Step 2: Register Verifier
# redteam/cve/verifiers/__init__.py
from .apache import ApacheCVEVerifier
__all__ = [..., "ApacheCVEVerifier"]
Step 3: Add to Config Verification Attack
# redteam/attacks/cve/config_verification.py
from redteam.cve.verifiers import NginxCVEVerifier, PHPCVEVerifier, ApacheCVEVerifier
class ConfigVerificationAttack(Attack):
def __init__(self):
super().__init__()
self._verifiers = []
async def execute(self, client):
self._verifiers = [
NginxCVEVerifier(self._config),
PHPCVEVerifier(self._config),
ApacheCVEVerifier(self._config), # NEW
]
# ... rest of implementation
Testing
Unit Tests
# Test the Nginx parser
python3 test_config_verification.py
Integration Tests
# Test against a known vulnerable configuration
# 1. Set up test nginx instance with vulnerable config
# 2. Run scanner
python3 redteam/runner.py --category cve --target generic
# 3. Verify results show DEFENDED after config verification
Performance
- Overhead: ~100-200ms per CVE verified
- Network Requests: 3-5 per CVE (config endpoint probes)

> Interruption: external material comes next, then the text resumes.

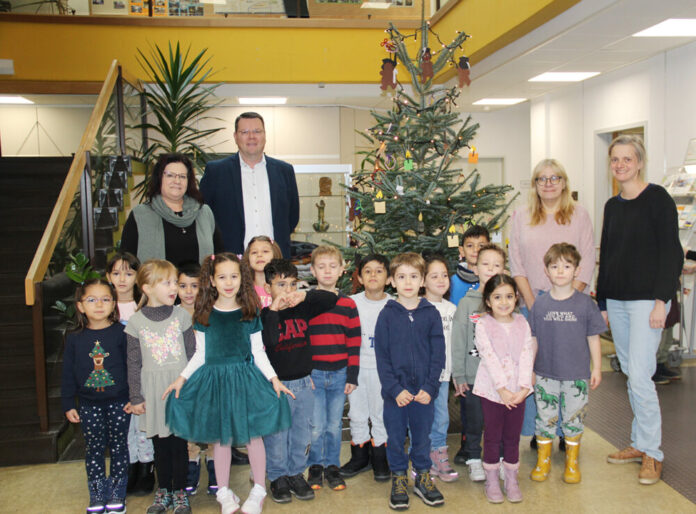 Bürgermeister Jens Fröhlich bedankte sich bei den Kindern und Erzieherinnen der Kindertagesstätte Hetschbach für die Dekoration des Weihnachtsbaumes im Rathaus und lud die Kinder zu einem kleinen Umtrunk und Weihnachtsgebäck ein. red

- Memory: Minimal (configs are parsed and discarded)
Security Considerations
- Passive by Default: Low aggressiveness is safe for production
- No Modification: Verifiers never modify configurations
- Credential-Free: Does not require authentication to config endpoints
- Rate Limiting: Respects existing request throttling
Limitations
- Config Access: Cannot verify if config files are not exposed
- Complex Configs: May not handle advanced nginx includes/imports
- Runtime State: Cannot detect runtime-only mitigations
- Custom Builds: May not account for patched custom builds
Future Enhancements
- More CVE Coverage: Add verifiers for Apache, IIS, etc.

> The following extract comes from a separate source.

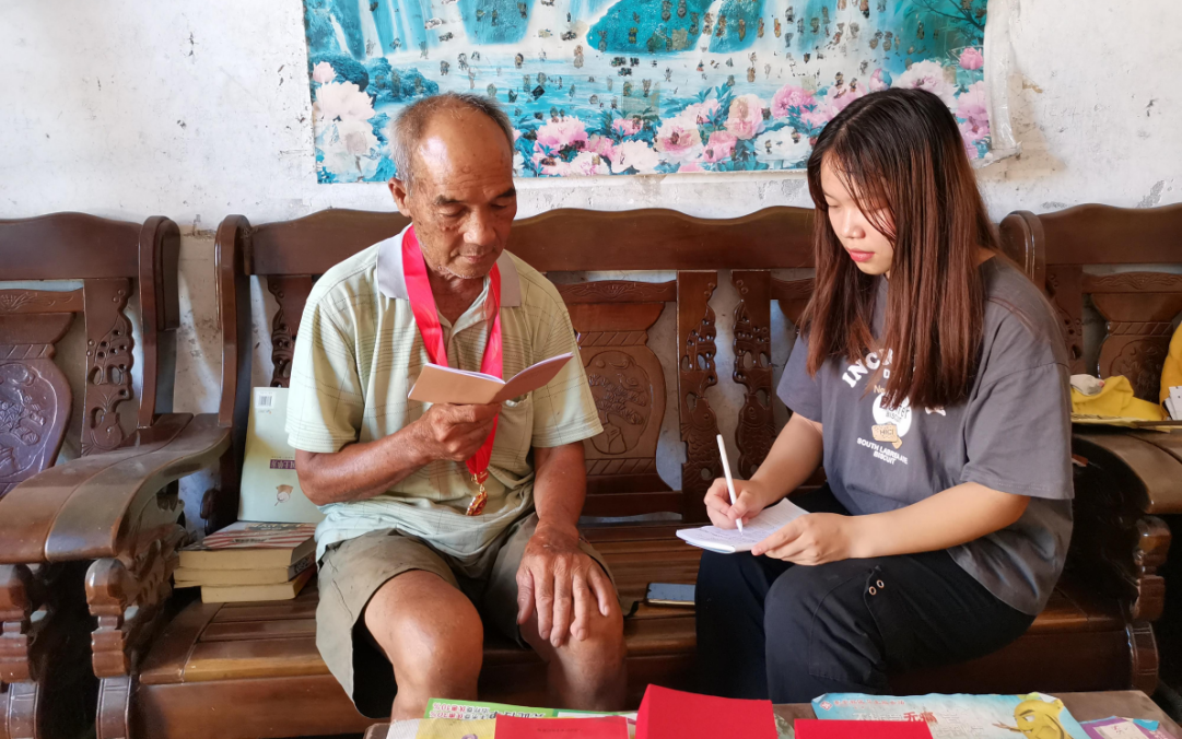 调研团成员前往广东阳江访谈老党员林平广。林平广同志于1966年入党,至今党龄已55年,今年他还荣获了“光荣在党50年纪念章”。他表示,加入中国共产党可以更好地帮助人民群众,他想成为其中一员为群众服务,中国共产党一切为人民的宗旨,更是坚定了他入党的想法。当谈及入党后林老的生活变化时,他满脸自豪说道:“有中国共产党,才有我们今天的生活。”

- Remote Config Fetching: SSH/API-based config retrieval
- Auto-Remediation: Generate config patches to fix vulnerabilities
- ML Pattern Detection: Learn from config patterns
- Compliance Mapping: Map CVEs to compliance frameworks
Troubleshooting
Issue: "No CVEs found by previous attacks"
Cause: Config verification runs after CVE attacks. If no CVEs were found, there's nothing to verify.

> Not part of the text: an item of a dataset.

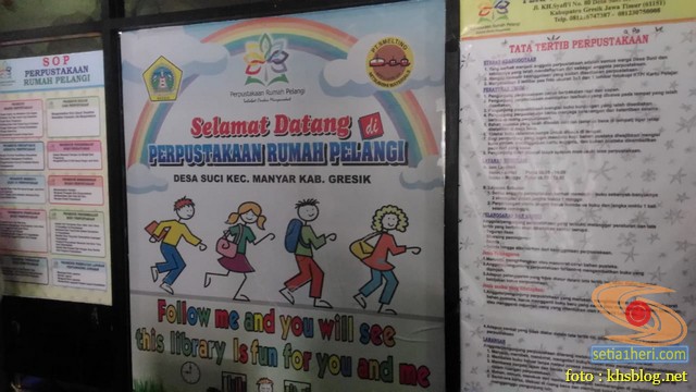 Liburan sekolah, saatnya berkunjung ke Pepustakaan Desa “Rumah Pelangi”, Suci, Gresik. Perpustakaan ini berada di komplek kantor Pemerintah Desa Suci, Manyar, Gresik, Jawa Timur. Perpustakaan ini meskipun sederhana namun tidak sesederhana ragam penghargaan bergengsi yang telah diraihnya. Nama perpustakaannya akrab disebut “Rumah Pelangi”. Ditengah serbuan gadget maka keberadaan perpustakaan bisa menjadi penyeimbang antara kegiatan kinetik dan visual kids jaman now. Inilah pengalaman kami berkunjung ke Perpustakaan Suci yang hanya berjarak 2 km dari rumah kami.

Solution: Ensure CVE attacks are running and finding vulnerabilities first.
Issue: "Cannot access nginx config for verification"
Cause: Config files are not exposed on common endpoints.
Solution: - Increase aggressiveness (use with caution) - Add custom config endpoints to config.yaml - Accept that verification cannot be performed
Issue: "Verification shows UNVERIFIED"
Cause: Verifier attempted but couldn't access necessary information.
Solution: This is normal when configs are not exposed. The original CVE finding remains valid.